A twitter discussion on build times and source-file sizes got me interested in doing some analysis of Chromium build times. I had some ideas about what I would find (lots of small source files causing much of the build time) but I inevitably found some other quirks as well, and I’m landing some improvements. I learned how to use d3.js to create pretty pictures and animations, and I have some great new tools.
As always, this blog is mine and I do not speak for Google. These are my opinions. I am grateful to my many brilliant coworkers for creating everything which made this possible.
The Chromium build tools make it fairly easy to do these investigations (much easier than my last build-times post), and since it’s open source anybody can replicate them. My test builds took up to 6.2 hours on my four-core laptop but I only had to do that a few times and could then just analyze the results.
I did my tests on an October 2019 version of Chromium’s code because that gave me the most flexibility about which build options to use. I used a 32-bit, debug, component (multi-DLL, for faster linking) build, with NACL disabled, full debug information, with reduced debug information for blink (Chromium’s rendering engine) as my base build. In other words, these are the build arguments I used:
target_cpu = “x86” # 32-bit build, maybe faster?
is_debug = true # Extra checks, minimal optimizations
is_component_build = true # Many different DLLs, default with debug
enable_nacl = false # Disable NACL
symbol_level = 2 # Full debug information, default on Windows
blink_symbol_level = 1 # Reduced symbol information for blink
This is a good set of options for developing Chromium as it gives full debuggability together with a fast turnaround on incremental builds (when just a few source files are modified between builds).
Enough talk, let’s see some data
Let’s start with some pretty pictures. The graph below shows the relationship between the number of lines of code in source files and how long it took to compile them. I clamped the really-big and really-slow files and zoomed in to make it easier to see the patterns and… there aren’t any (live diagrams here):
In this diagram and the ones that follow the colors represent when in the build a file was compiled, with blue files happening first, then green, and red files happening last.
The .csv files I generated from my builds have a wealth of data, easily explorable with the supplied scripts:
A bit of analysis shows that it makes sense that there is no correlation between source-file length and compile time. The 30,137 compile steps that I tracked consumed a total of 11.6 million lines of source code in the primary source files. However the header files included by these source files added an additional 3.6 billion lines of source code to be processed. That is, the main source files represent just 0.32% of the lines of code being processed.
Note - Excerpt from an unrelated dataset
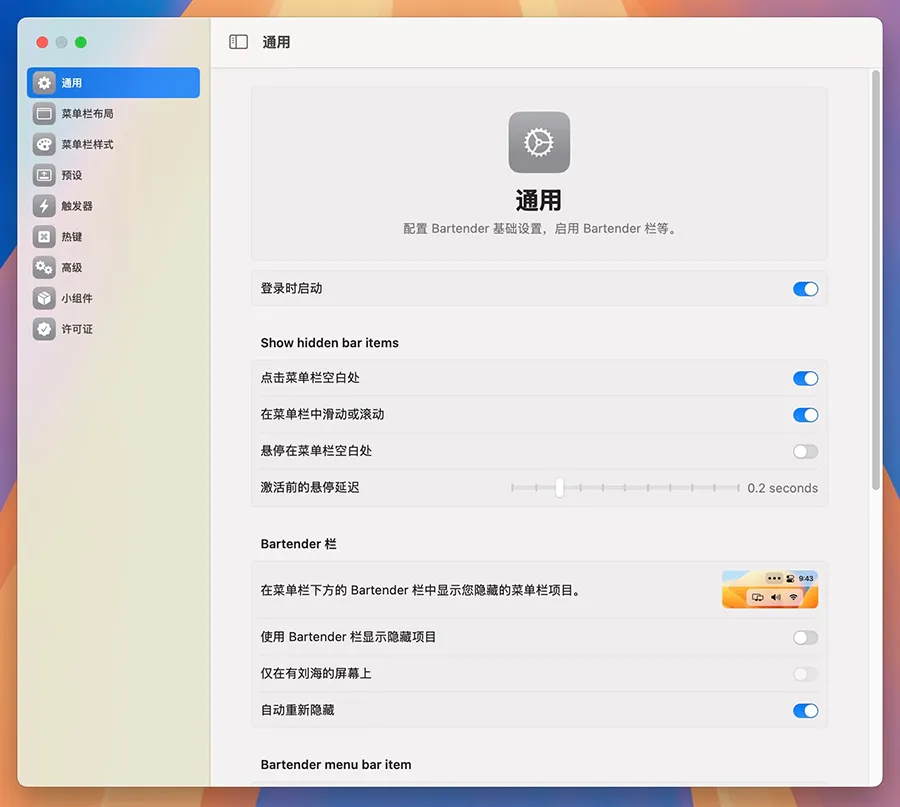 1. 自动隐藏与显示:支持将图标隐藏至 Bartender Bar,并在触发时自动显示。

It’s not that Chromium has 3.6 billion lines of source code. It’s that header files that are included from multiple source files get processed multiple times, and this redundant processing is where the vast majority of C++ compilation time comes from. It’s not disk I/O, it’s repeated processing (preprocessing, parsing, lexing, code-gen, etc.) of millions of lines of code (note the 100% CPU usage, maintained for most of the build, due to ninja’s excellent job scheduling):
But what about precompiled header files? Couldn’t they be used to reduce the overhead of these header files? Well, it turns out that Chromium does use precompiled header files in some areas and the 3.6 billion line number is after those savings have been factored in. More on that later.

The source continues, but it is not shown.